Yes, It’s OK to Not Be OK. But It’s Not OK to Not Be OK and Do Nothing About It.

(photo by Logan Fisher on Unsplash)

NAOMI OSAKA, MEGHAN Markle, Prince Harry, Meryl Streep and, most recently, Simone Biles, to list a few, have all come publicly out about their battles with depression. Just this week a friend told me about losing two friends to suicide from depression.


Depression is not unique to anyone and holds no prejudice to race, socio-economic or demographic group, or caste. The American Psychiatric Association says that one out of 10 people suffer from depression. I'm surprised it's that low, with the many levels of depression that get recorded. Depression ranges in seriousness from mild, temporary episodes of sadness to severe, persistent depression and the most severe being clinical depression.

I would imagine that everyone has had an episode of sadness from a loss of a loved one, a pet, a job, a relationship — which could cause a gain or loss of weight, or cause someone to medicate more with booze or drugs, which causes one to stay in bed feeling sorry for oneself, which causes more depression and sadness. It's like a whirlpool of sludge pulling you further down and down. It is plausible to think that a small triggering event could escalate into a deeper form of depression depending on how it is received.

In 1993 the company I worked for at the time got sold, and the new company only retained two out of 47 employees, and I wasn't one of the lucky ones. I had moved from a very high-profile position with a company in New York City to San Francisco for a new experience, and three years later I'm out of work. I experienced depression. I didn't know it, but I was depressed, and it took four weeks for me to figure it out because all I could do was complain and drink.
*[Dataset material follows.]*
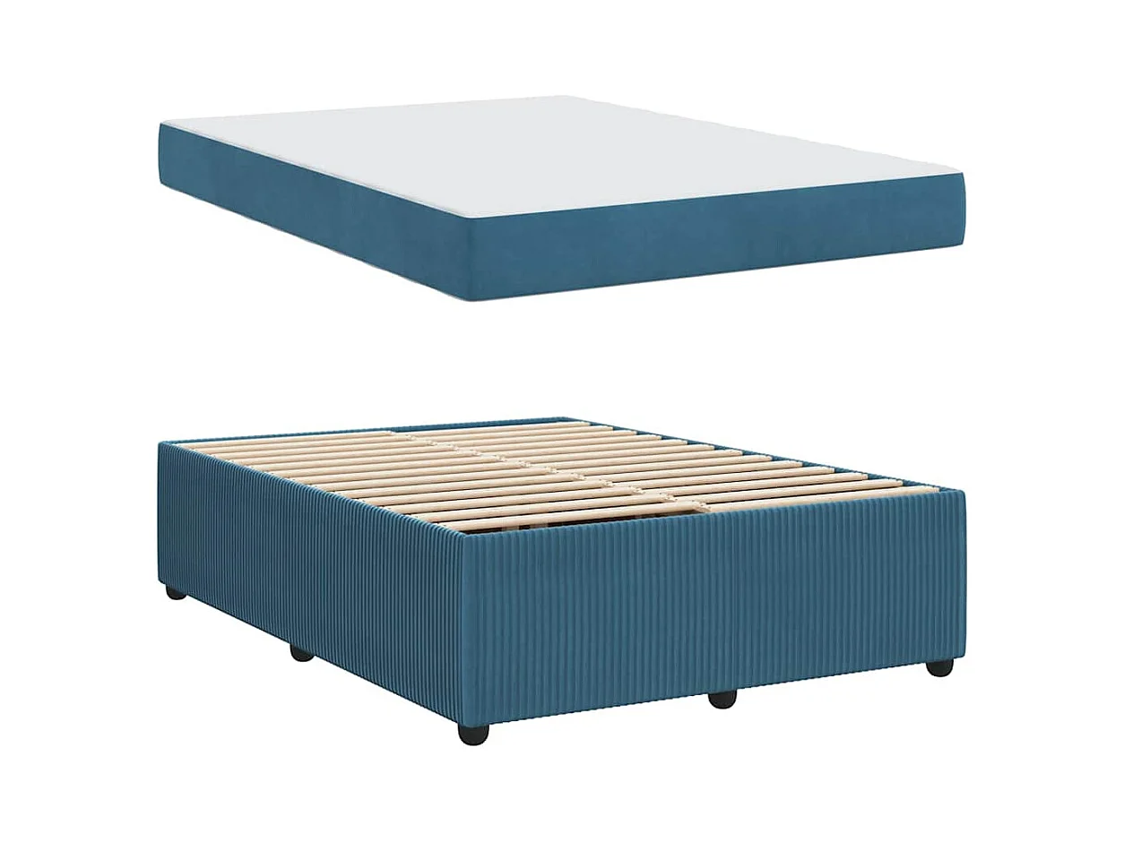 Sommier à lattes de lit et matelas bleu 140x200 cm velours

Eventually, I searched out help and, through therapy, not drinking, better eating and exercise, I snapped out of it and bounced forward to a better job. I discovered, through my experience that, it was OK to not be OK. Additionally, it taught me a new level of appreciation for people who are having a bout of not being OK, and that I didn't need to get emotionally involved with their experience because I was OK. It was OK for me to be OK. It's also OK for you to be OK, even when your friend is not. You don't need to be sad, nor do you need to feel guilty because you're OK.
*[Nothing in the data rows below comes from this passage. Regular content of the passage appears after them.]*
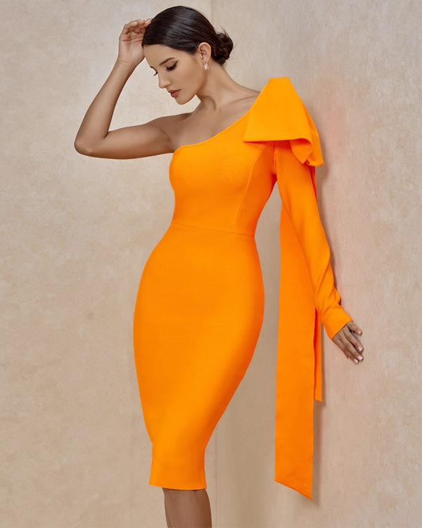Runway Bownot One Sleeve Women One Shoulder Bodycon Orange Club Party Dress
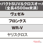 ヤリスクロスを破って3位の座を勝ち取ったWR-Vは大健闘だ。フロンクスもトータル性能が高く、買い得なSUVだが、輸入車のため選択肢が少ない。
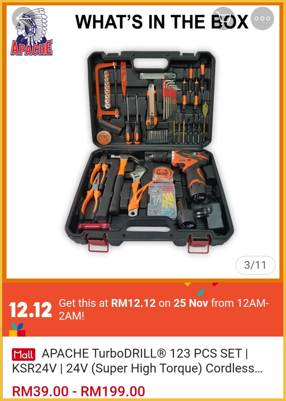 ▪APACHE TurboDRILL® 123 PCS SET – RM179 RM12.12
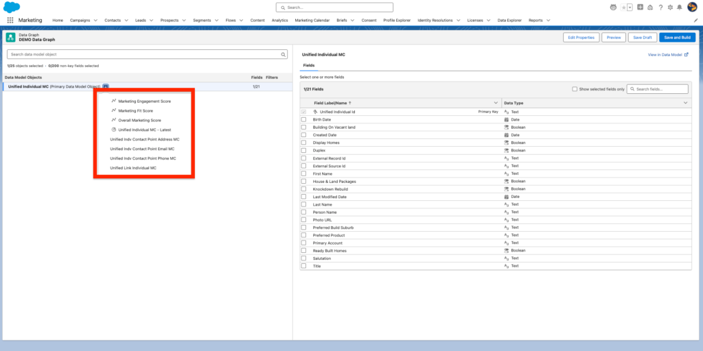 You will need to select the Data Model Object that relates to you Unified Individual Object and that will be in use when sending email communications. The recommended related objects to select are:

It's best for you and those around you to be OK, because you can share your story on how you got OK. You have figured out that's it's OK to not be OK, even as it's not OKto do nothing about it.

If you want to beat depression you need to do a regression. A regression analysis on yourself. Like any analysis, you have an independent variable and a constant. The constant is you and the independent variable is all the "stuff" that happens during your day. Did you watch CNN(Constantly Negative News), the weather, the traffic, your boss' mood, your colleague's mood, you're not in a relationship or maybe the wrong one, you missed an appointment, what the scale read, what someone said, bad hair day, the death of an icon, so many things that could trigger an emotion from you.
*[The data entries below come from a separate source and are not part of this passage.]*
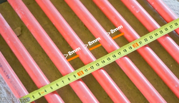 1、地面线管铺设时线管与线管之间固定间距不小于2CM,防止水泥砂浆层未和原基层粘合引起地砖空鼓。
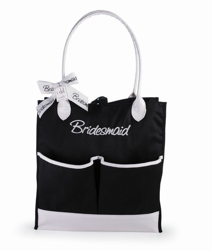 - Bridesmaid Pocket Tote A classic black and white wedding party tote features 4 oversized pockets and "bride" embroidery. Faux leather shoulder height handles. There is also a small zipper closing pocket on the inside. This darling tote ties closed with a grosgrain ribbon. 22" x 131/2"
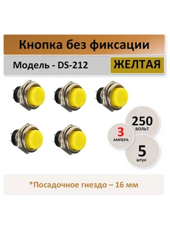 Кнопка без фиксации DS-212, желтая - 5 штук
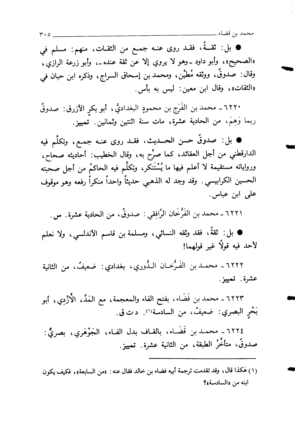 6222 - محمد بن الفَرُّخَان الدُّوريُّ، بغداديُّ: ضعيفٌ، من الثانية عشرة. تمييز.
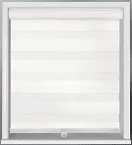 Day-Night blinds, also known as Vision or Zebra blinds, feature alternating sheer and horizontal fabric strips, providing a unique combination of adjustable privacy and light control.
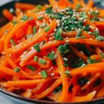 - Add Garnish: Just before serving, sprinkle the toasted sesame seeds over the marinated carrots and optionally garnish with finely chopped green onions for added freshness and texture.

Why are you affected by these things? Why do you take ownership of these things? Why do you allow a pattern of binge eating or drinking, or let bad associations creep into your life? All these independent variables are not you the constant, but how you react to these variables is what starts to create you and your wellbeing. Seek out help from a professional therapist or coach. Do the things that are good for you and to you. Be a willing participant in your own rescue.

Accept the fact that it is OK to not be OK. Just be willing to do something about it.